Wallach on Bayesian Reasoning

Wallach models two generations of the debate over whether, basically, the Bible is right that the Israelites came from Egypt and conquered Palestine, or whether in fact the Israelites were just another native Palestinian tribe of Canaanites who absorbed surrounding tribes and then later invented the myth of their conquering from outside. Some alternative theories to those came and went over the course of the 20th century, which Wallach also includes. The observed phenomenon is that the field started convinced of the Biblical hypothesis, and ended up convinced of the Native hypothesis instead. Wallach asks: Is the process that the experts in that field underwent in that period Bayesian? He finds the answer is yes.

He points out the significance of this to Bayesian modeling of all historical argument, showing that it actually is a correct account, and that objections to it fail—Bayesianism does not require excess formalism or precision, and is not hamstrung by the role of theory-laden reasoning or subjectivity in assessing evidence (two points he cites me as having also made in Proving History). As Wallach says (my emphasis):

I construct the interplay between historiographic hypotheses and archaeological evidence in a simplified Bayesian model of successive conditionalization. Under the model’s fairly moderate assumptions, the actual two-generation process that led to a profound change in the beliefs of a disciplinary community can be reconstructed.

[And]

On the basis of this case study I argue that the relativist opinions are unwarranted. I demonstrate, in particular, that posterior probabilities of historiographic hypotheses can converge even if they start from deep and entrenched discord about prior assumptions.
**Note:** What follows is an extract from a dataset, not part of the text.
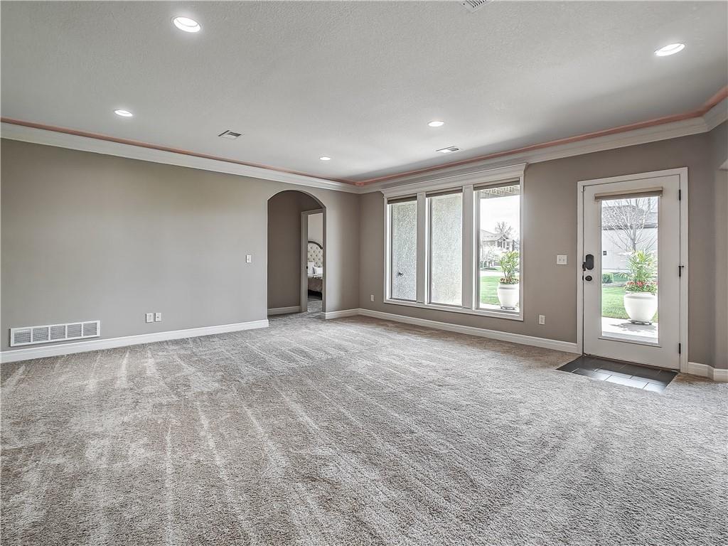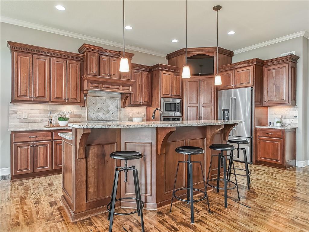 Sensational walk-out reverse 1.5-story in sought-after Polo Fields, offering the perfect blend of open living, thoughtful design, and exceptional functionality. The expansive great room welcomes you with rich hardwood floors and a striking see-through direct vent fireplace, creating a warm connection between the living and entertaining spaces. The open layout flows seamlessly into the kitchen and dining area—ideal for both everyday living and hosting. The kitchen is a true centerpiece, featuring a large island, granite countertops, stainless steel appliances, and a spacious walk-in pantry. A conveniently located laundry room with utility sink sits just off the kitchen for added ease. This meticulously maintained home shines with a massive finished walk-out lower level designed for entertaining and versatility. Enjoy two separate rec spaces, a stylish wet bar with granite countertops, and a convenient half bath. Two additional bedrooms with a full bath provide the perfect setup for guests, family, or flexible living needs, plus abundant storage throughout. Step outside to relax or entertain on the private screened-in covered deck, or take in the outdoors from the lower-level patio—both offering peaceful, usable outdoor living spaces. Additional highlights include: • All stucco exterior for timeless curb appeal • Walk-out lower level • Instant hot water system • Storm shelter for peace of mind • Sprinkler system • Oversized 3-car garage with heaters and high-intensity lighting—perfect for hobbies, projects, or extra storage This home truly delivers space, comfort, and quality in one of the area’s most desirable communities.

This refutes the claim that prior assumptions predetermine outcome, and the claim that Bayesian reasoning requires excessive precision (or indeed any precision at all). In actual fact, imprecision can be perfectly well modeled by Bayesian reasoning, thus creating no difference between Bayesian reasoning and any other form of credible historical reasoning. Except one thing: with Bayesian reasoning, the inferences you are relying on are exposed to criticism and check.

Standard reasoning is vague as to how or why conclusions follow from premises, or even what the conclusions are (certainty? likelihood? what likelihood?), shielding them from analysis. You can’t fact-check a historian’s reasoning, if they can’t even tell you what their reasoning is. It’s like trying to guess at the fuel efficiency of a car without getting to pop the hood and see what the engine looks like. All Bayesian reasoning does is force you to pop the hood and show everyone what the engine looks like. You can’t hide any mistakes then. If you are relying on an invalid inference, it will be immediately exposed. If you are erring in your demarcation of evidence (putting facts in that don’t belong, or leaving facts out that do), it will become obvious. Otherwise, Bayesian reasoning literally is standard reasoning: it’s what historians are already always doing. They just don’t know it. They have no idea what the engine looks like or if it’s well built. They just drive the car and assume it works.

Wallach uses his study to illustrate ways to solve several popular Bayesian problems: the problem of novel theories, the problem of old evidence, the problem of disputed evidence, and the problem of surprising evidence or diverse evidence. His paper is of interest even just to anyone interested in any of those problems. By using a real-world example, he gets to why certain solutions to those problems work and others don’t. His paper is thus also interesting even to anyone interested in that event in the historiography of the Bible: how, and why, the consensus so radically changed on where the Israelites came from.

Bayesian Formalism

Section 1 of Wallach’s paper introduces the issues and previews the conclusion. Section 2 is “a minimal introduction to Bayesian formalism” as needed to understand the rest of his paper. Section 3 “delineates both the hypotheses about the Bronze/Iron Age transition in Palestine that were advanced in the 20th century and the relevant archaeological findings” and Section 4 “describes the methodology employed in the model.” Section 5 “comprises three Bayesian simulations, each one a ‘contest’ between pairs of hypotheses, together with sensitivity checks to the model’s assumptions.” Section 6 “discusses the results of these simulations” and Section 7 “concludes with some general remarks.”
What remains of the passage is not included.